Remember - the horse's back barely moves at the withers. At the loin, it moves a LOT while cantering. If your weight is in your thighs at the wither, and your rump barely touching the seat, there is almost no motion to 'absorb'.

I strongly recommend:

Riding And Schooling Horses: Harry D. Chamberlin, John Cudahy, Edwin M. Sumner: 9781163173299: Amazon.com: Books


It is an older approach to riding a forward seat, but it has the clearest and easiest to follow descriptions I've ever seen. The text in the first picture comes from it.


----------



## farahmay (Sep 2, 2013)

Zexious said:


> The thing I notice is that you are very busy. Your torso moves back and forth a lot (that's probably not the right way to word it... xD), your hands are too high and too animated. I can't really see what's going on with your legs...
> 
> Basically, relax a bit, lower your hands, go with the motion of the horse... These things will all come as you ride/lesson more.
> 
> Very cute horse, and you definitely have potential <3


Yeah.. in my head it was like "SHORTER REINS, LEGS, HANDS, HIPS, AGHHHHH"

Thank you! Means a lot, even though I look like a goon right now hahah


----------



## farahmay (Sep 2, 2013)

bsms said:


> A lot depends on what style of riding you are doing. For a forward seat, it is OK to lean forward. In fact, you OUGHT to lean forward. With a forward seat, you also don't want to absorb the motion in your lower back, since you are leaning forward already.
> 
> 
> 
> ...



I'm not training for dressage haha,
Okay so I should try for half seat? I know it's easier in terms of less movement to absorb, however I thought people never liked it as it caused the rider to sort of, 'avoid the problem rather than fix it'. 
But now that I've read the other thread, I can sort of slowly "sink" into the motion after a while.
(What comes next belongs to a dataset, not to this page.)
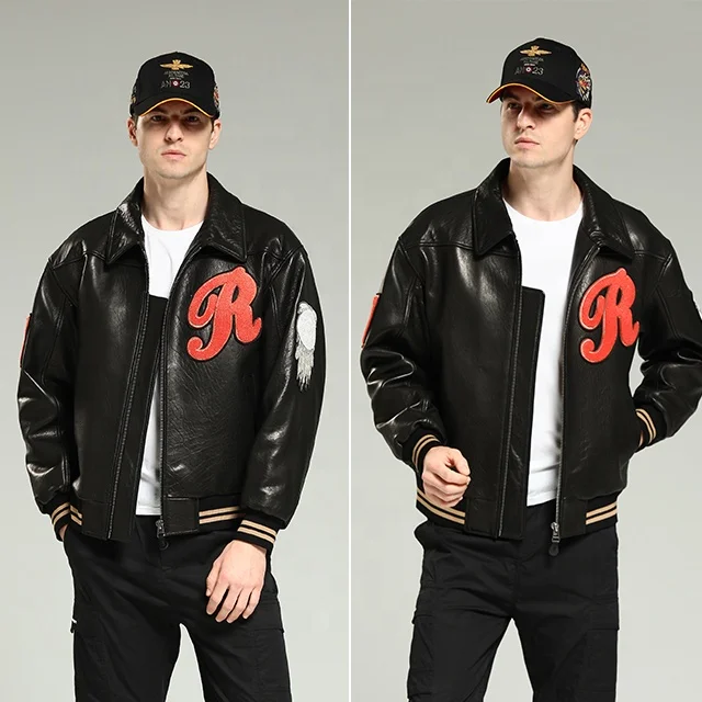 2023 Cow Hide Genuine Leather Jacket Bomber Jacket Men Leather aviator

Will definitely try this next week!


----------



## Zexious (Aug 2, 2013)

^I would not suggest going into a half seat during a lesson unless your trainer instructs you to do so. They know best, and you are paying for their time <3


----------



## bsms (Dec 31, 2010)

Zexious said:


> ^I would not suggest going into a half seat during a lesson unless your trainer instructs you to do so. They know best, and you are paying for their time <3


By that rationale, no one taking lessons should ever ask for advice on HF.

If you don't have the feel for the rhythm of the horse, then a half-seat is a good way to pick up the balance and rhythm without punishing the horse's back. It builds confidence in both the horse and rider. It is no more an attempt to avoid the problem than posting is an attempt to avoid sitting a big trot. It is also just a good technique for riding a canter, since it frees the horse's back up more than a following seat does.

If she talks about it with her instructor and the instructor says, "Hell no!", then she is probably stuck with doing it in whatever manner the instructor insists on using. But from my personal experience, and apparently from the vastly greater experience of *maura*, it is a good option to have in your bag of tricks.


----------



## Chokolate (Nov 24, 2012)

I'm no expert at this at all, but just breathe more. Don't be so tense. Every time you find yourself tensing up, take slow, deep breaths and just relax a little more. It will be more comfortable for you and the horse and you won't be gripping so much.

Also try lowering your hands and keeping them still - they're quite shaky 

As for exercises, practise!


----------



## farahmay (Sep 2, 2013)

Yeah, I sort of knew my hands were too all over the place, so that's a definite thing to work on.

Thank you for everyone's input. I'm going for a lesson tomorrow, and I'll just see how it goes


----------



## Chokolate (Nov 24, 2012)

Have fun!


----------